I have a dataset containing a bunch of data in the columns params
and value
. I'd like to count how many values each params
contains (to use as labels in a boxplot), so I use mydf['params'].value_counts()
to show this:
slidingwindow_250 11574
hotspots_1k_100 8454
slidingwindow_500 5793
slidingwindow_100 5366
hotspots_5k_500 3118
slidingwindow_1000 2898
hotspots_10k_1k 1772
slidingwindow_2500 1160
slidingwindow_5000 580
Name: params, dtype: int64
I have a list of all of the entries in params
in the order I wish to display them in a boxplot. I try to use sort_index(level=myorder)
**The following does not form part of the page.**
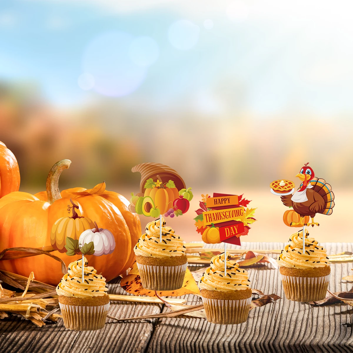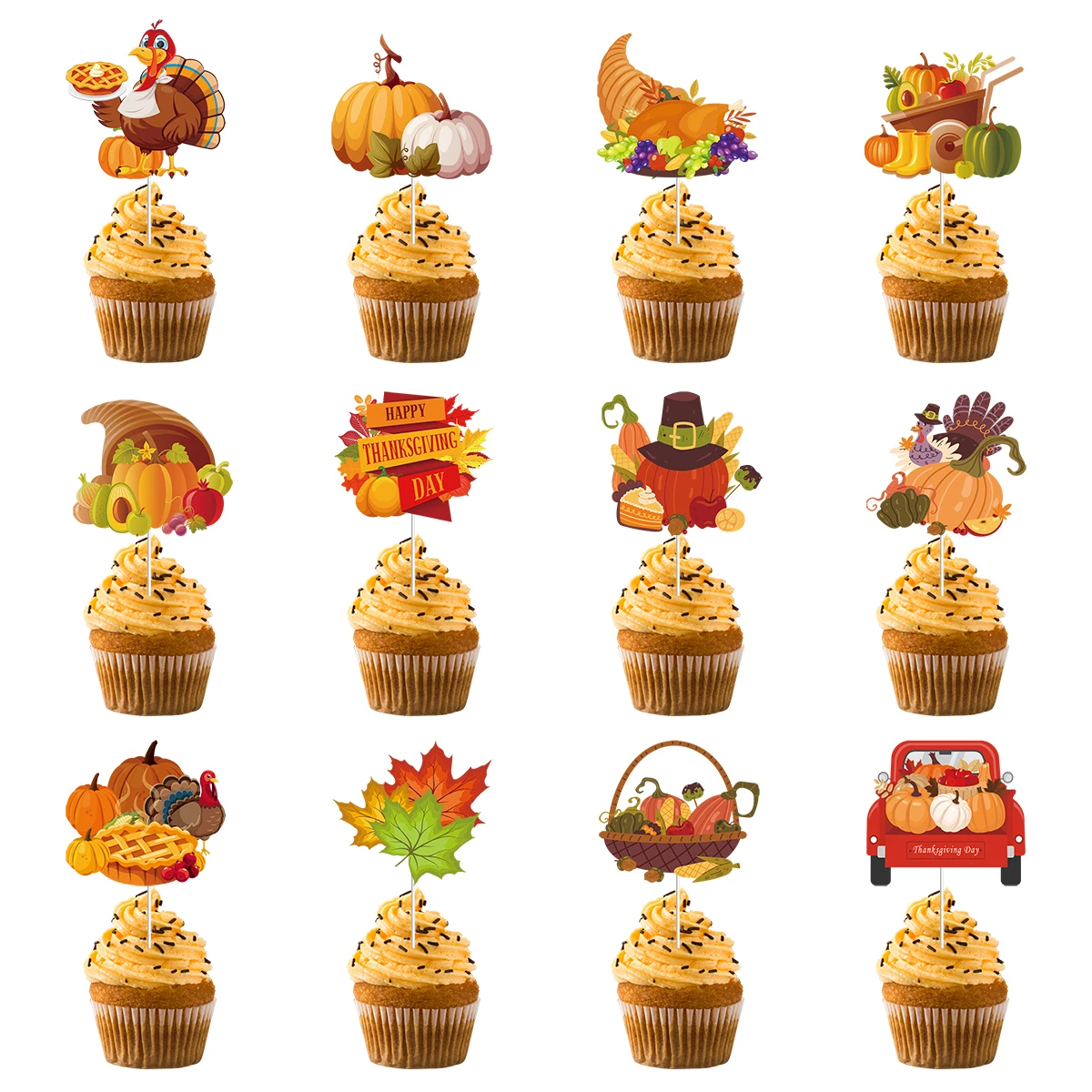 12/24pcs Thanksgiving Cupcake Topper Pumpkin Maple Cake Topper Fall Themed Turkey Food Picks Autumn Thanksgiving Cake Decoration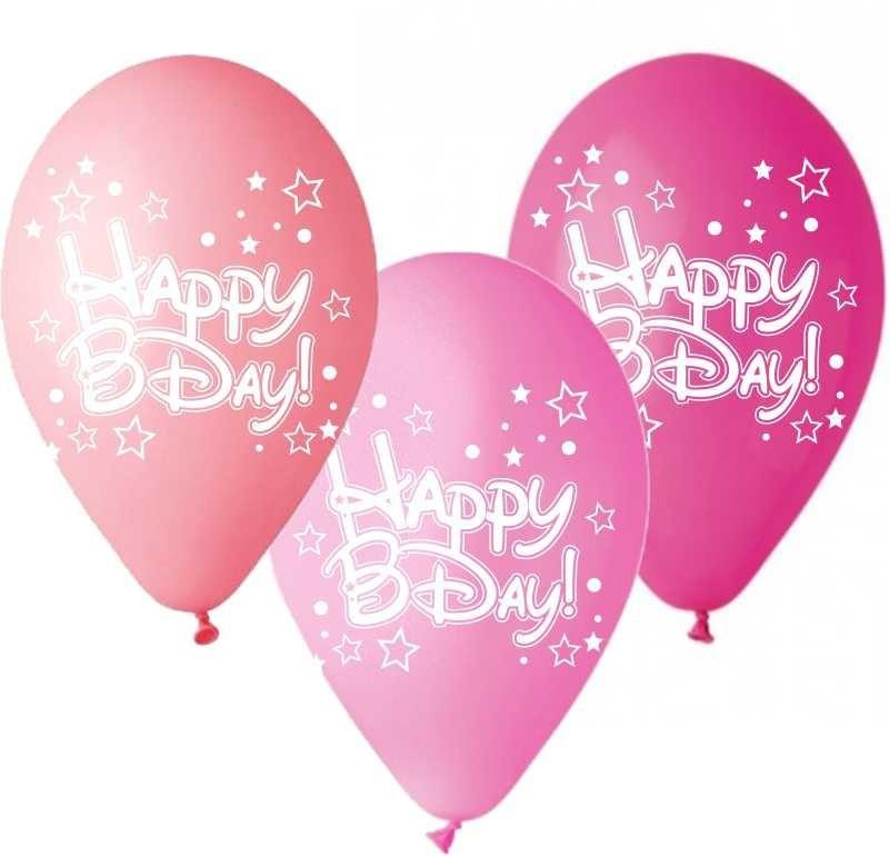 12″ Μπαλόνι Happy Bday αστεράκια ροζ αποχρώσεις (25 τεμ)

to get them in my custom order, but the function ignores myorder
and just sorts them alphabetically.
myorder = ["slidingwindow_100",
"slidingwindow_250",
"slidingwindow_500",
"slidingwindow_1000",
"slidingwindow_2500",
"slidingwindow_5000",
"hotspots_1k_100",
"hotspots_5k_500",
"hotspots_10k_1k"]
sizes_bp_log_df['params'].value_counts().sort_index(level=myorder)
hotspots_10k_1k 1772
hotspots_1k_100 8454
hotspots_5k_500 3118
slidingwindow_100 5366
slidingwindow_1000 2898
slidingwindow_250 11574
slidingwindow_2500 1160
slidingwindow_500 5793
slidingwindow_5000 580
Name: params, dtype: int64
How can I get the index of my value counts in the order I want them to be in?
In addition, I'll be using the median of each distribution as coordinates for the boxplot labels too, which I retrieve using sizes_bp_log_df.groupby(['params']).median()
; hopefully your suggested sort methods will also work for that task.